The air is different, surprisingly so.   Untethered, I wait for instructions.   Czeslaw Milosz meets me each morning in his collected poems, instructing me on what it means to see.   The psalmist tells me that plans come to nothing on the day we die, and that those who trust in the Lord are blessed.   George MacDonald’s words remind me that humans can create monstrous ideas about who and what God is, and that simple love, care, and concern manifest in human life are often better incarnations of the divine than the highest monarchical theologies.

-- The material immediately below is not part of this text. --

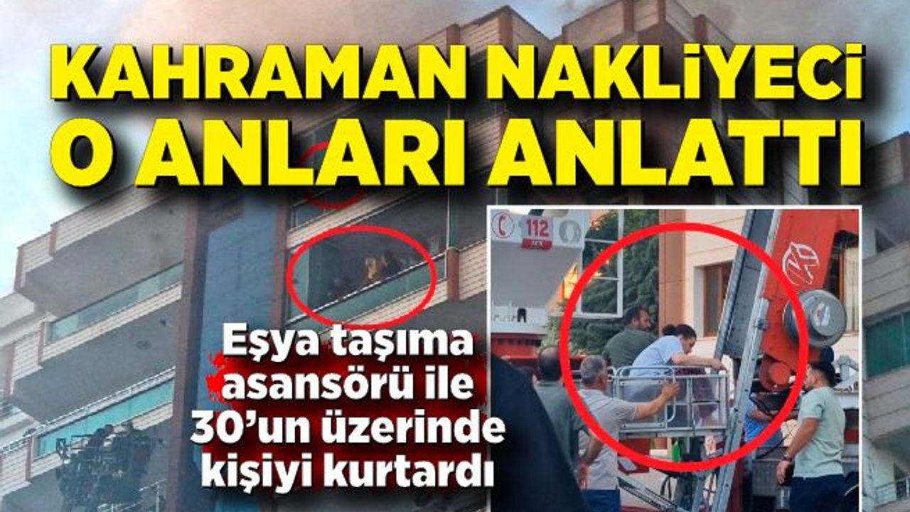 Eşya taşıma asansörü ile 30’un üzerinde kişiyi kurtaran nakliyeci Emrullah Eligün, kendisine haber verilir verilmez hızla olay yerine gittiğini belirterek, “Ben market alışverişine gitmiştim. Akrabam olan Tuncay beni aradı. Dedi ki acilen asansörü getir. Dayımların evinde yangın çıkmış. Kurtarmamız lazım. Ben alışverişimi hemen orada bir mobilyacı arkadaşın yanına bıraktım. Koşarak geldim aracımın yanına. Tuncay da bana yetişti. Ara sokaklardan gittik oraya. Yani Tuncay'ı kırmayayım diye dedim gideyim. Çünkü izin vermezler bu tür şeylerde. Hani bu asansör ne ki? İzin vermezler diye düşündük. Ama gittiğimizde can pazarı vardı. Anlatırken de zorlanıyorum. Ben hayatımda böyle bir şey görmedim. İnsanlar çaresizdi. Yangın her tarafı sarmış. Herkes balkonlarda kurtarılmayı bekliyor. İtfaiye sol cephedekilerini kurtarıyordu. Zaten onun dışında pek bir seçeneğim yoktu. Sağ cepheyi ben boşalttım. Ondan sonra arka cepheye gittim, boşalttım. Sonra başka bir cepheye gittim. Orayı da boşalttım. Yaşlı teyzeleri, dayıları, kaç tane çocuk, kaç tane hanım arkadaşı kurtardık. Yani o ara ne başardığımın farkında bile değildim. Bu makinemi gören bütün eş dostlar aradı. ‘Allah razı olsun senden’ dediler. Daha önce hiç böyle bir şey başıma gelmedi. Deprem zamanında böyle bir kargaşa yaşadık. Yani o diyor önce benim eşyamı kurtar, o diyor önce benim eşyamı kurtar. Bu böyle bir şey değildi. İnsanlar ağlıyordu, çaresizdi. Birbirleriyle kavga edecek insanlar gördüm. Birbirleriyle kavga ettiler. O dedi önce benimkini, o dedi önce benimkini kurtar diye. Kimseyi dinlemedim, dinlesem daha az kişiyi kurtarmış olurduk. En üstten başlayıp aşağı doğru geldim. Çünkü onlar sistemi bilmiyor” diye konuştu.

My family spent an hour on January 1st recounting the blessings of 2010.   Tears flowed freely as we shared our thanks–to each other and to God.   We spoke of small things and great things, accomplishments and gifts, the mundane and the holy.  From time spent in various parts of the world, to daily comforts, to relationships that continue to surprise us with their power and depth, to the hope of all future things.

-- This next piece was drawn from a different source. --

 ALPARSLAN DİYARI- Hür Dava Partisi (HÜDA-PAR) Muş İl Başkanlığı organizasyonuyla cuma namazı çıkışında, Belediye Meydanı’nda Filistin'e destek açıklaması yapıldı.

And we talked of 2011.  What is coming?  Who can tell, but each day is an opportunity.  All of us audition for shots at meaning and happiness, seeking roles to play that fit only us.   As I read back through “Getting Things Done”, I know GTD will not determine what meaning and purpose we bring to our hours.   Human life must be expressed, incarnated, ideas and dreams and potentials enfleshed, and it is not as simple as goal-setting and first steps getting done.   Yet, action is forever, and plans are needed, commitment determines all, and freedom is framed with discipline and work.   We make the world again in 2011, and we do it in the name of the Christ, that first Maker of all things.

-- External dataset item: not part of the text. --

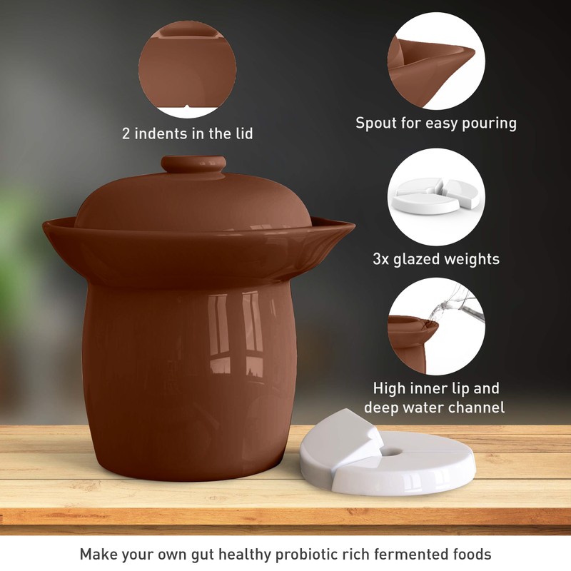 - EXPERIENCE CENTURIES-OLD TRADITION of water seal fermenting in our onggi kimchi pot with lid & glazed weights, designed to let gas escape while keeping air out for a healthy, anaerobic environment.

Writing begins.  It’s been three years since I sat so open in front of my computer.  As Annie Dillard says, no one cares, really, whether I write or not, and if I were to die today, the world would roll on, and the great sea of time would bring in the tide and my footsteps and ink marks and notes from yesteryear’s journals would be washed away into that nothing the psalmist was telling me about this morning.   But the faith is that somehow God takes those small marks and guides them here and there, and they land in singular lives and hearts that only he knows about, that only he understands.   And those small marks make more marks, other marks, eternal marks, and so the world and history is written.

So let beginnings come.  Let them begin now.  Not tomorrow, but today.   This is the day my Father has made.   I will rejoice and be glad in it.